ZeroDivisionError fires on Python's built-in arithmetic when the divisor is zero. FloatingPointError is raised by NumPy when np.seterr is set to 'raise', covering not just div-by-zero but underflow, overflow, and invalid (nan-producing) operations. They're distinct exceptions and don't share a common parent beyond Exception. If you write code that uses both pure Python and NumPy, catch both: except (ZeroDivisionError, FloatingPointError).
Should I use try/except or pre-check for zero?

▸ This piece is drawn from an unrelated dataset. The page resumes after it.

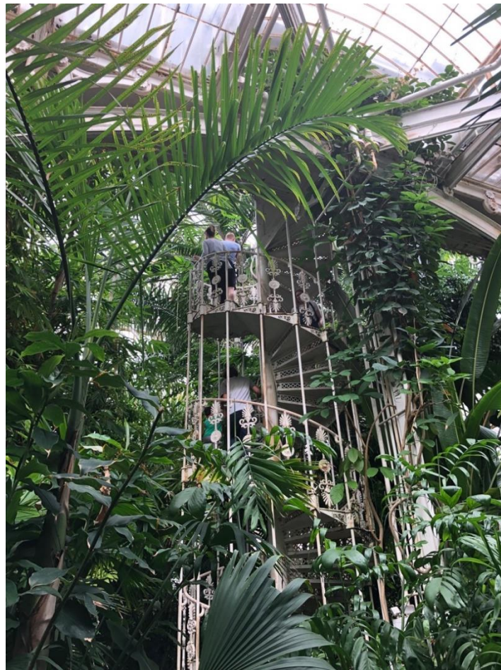
Palm House, Kew Gardens, London, 2019

successful uprooted-ness: synonymous with tropical views, pre-lapsarian lands, and exotic holidays.

Pre-check (LBYL: Look Before You Leap) when zero is a normal expected case (an empty list, a feature flag for 'don't divide'). Try/except (EAFP: Easier to Ask Forgiveness than Permission) when zero is unexpected and signals a bug or invalid input. Pythonic style favors EAFP, but for math specifically, LBYL is usually clearer because the right behaviour for zero is meaningful and shouldn't be hidden inside an except clause.
Why does 0 % 0 raise ZeroDivisionError?
Python's modulo operator is defined in terms of the equation a = (a // b) * b + (a % b). Both // and % require b != 0 to produce a meaningful result. The C standard library's fmod and Python's math.fmod also reject zero divisors. The same applies to divmod(a, 0). All three operations raise ZeroDivisionError with the message 'integer modulo by zero' or 'float modulo' depending on operand types. There is no built-in way to make 0 % 0 silently return 0; you must guard the operation explicitly.